Problem to solve =
Return the whole listing, line for line, without the pictures in it.
:: Dataset content
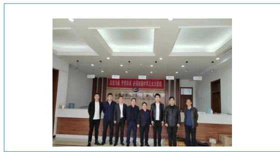
加强企业间交流，共创融合发展
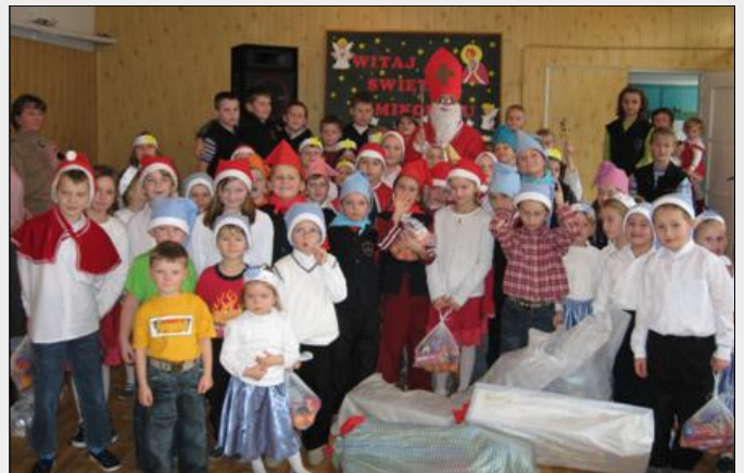
Wszystkie dzieci otrzymały wspaniałe prezenty

5 grudnia 2007 roku Szkołę Podstawową w Wólce Grodzkiej odwiedził wspaniały gość – Mikołaj Święty. Nasi uczniowie oraz najmłodsze dzieci z Wólki Grodzkiej zgromadzone w sali gimnastycznej nie mogły się doczekać przyścia tak ważnego gościa. Gdy ten pojawił się w drzwiach, tam czekały już na niego aniołki – uczniowie klasy III, by powitać gościa i w sposób uroczysty wprowadzić na salę. Wszyscy uradowani jego przybyciem z wielkim entuzjazmem i radością zaśpiewali „Bądź pozdrowiony gościu nasz”, po czym uczniowie klas młodszych zaprezentowali się w programie artystycznym przygotowanym specjalnie na cześć Świętego Mikołaja. „Mikołajki” z klasy II słowami wierszy przybliżyły wszystkim postać biskupa Mikołaja, a „krasnale i śnieżynki” z klasy „0” i I zaśpiewały mikołajkowe, wesole piosenki.
::::
Written response =
加强企业间交流，共创融合发展
Wszystkie dzieci otrzymały wspaniałe prezenty

5 grudnia 2007 roku Szkołę Podstawową w Wólce Grodzkiej odwiedził wspaniały gość – Mikołaj Święty. Nasi uczniowie oraz najmłodsze dzieci z Wólki Grodzkiej zgromadzone w sali gimnastycznej nie mogły się doczekać przyścia tak ważnego gościa. Gdy ten pojawił się w drzwiach, tam czekały już na niego aniołki – uczniowie klasy III, by powitać gościa i w sposób uroczysty wprowadzić na salę. Wszyscy uradowani jego przybyciem z wielkim entuzjazmem i radością zaśpiewali „Bądź pozdrowiony gościu nasz”, po czym uczniowie klas młodszych zaprezentowali się w programie artystycznym przygotowanym specjalnie na cześć Świętego Mikołaja. „Mikołajki” z klasy II słowami wierszy przybliżyły wszystkim postać biskupa Mikołaja, a „krasnale i śnieżynki” z klasy „0” i I zaśpiewały mikołajkowe, wesole piosenki.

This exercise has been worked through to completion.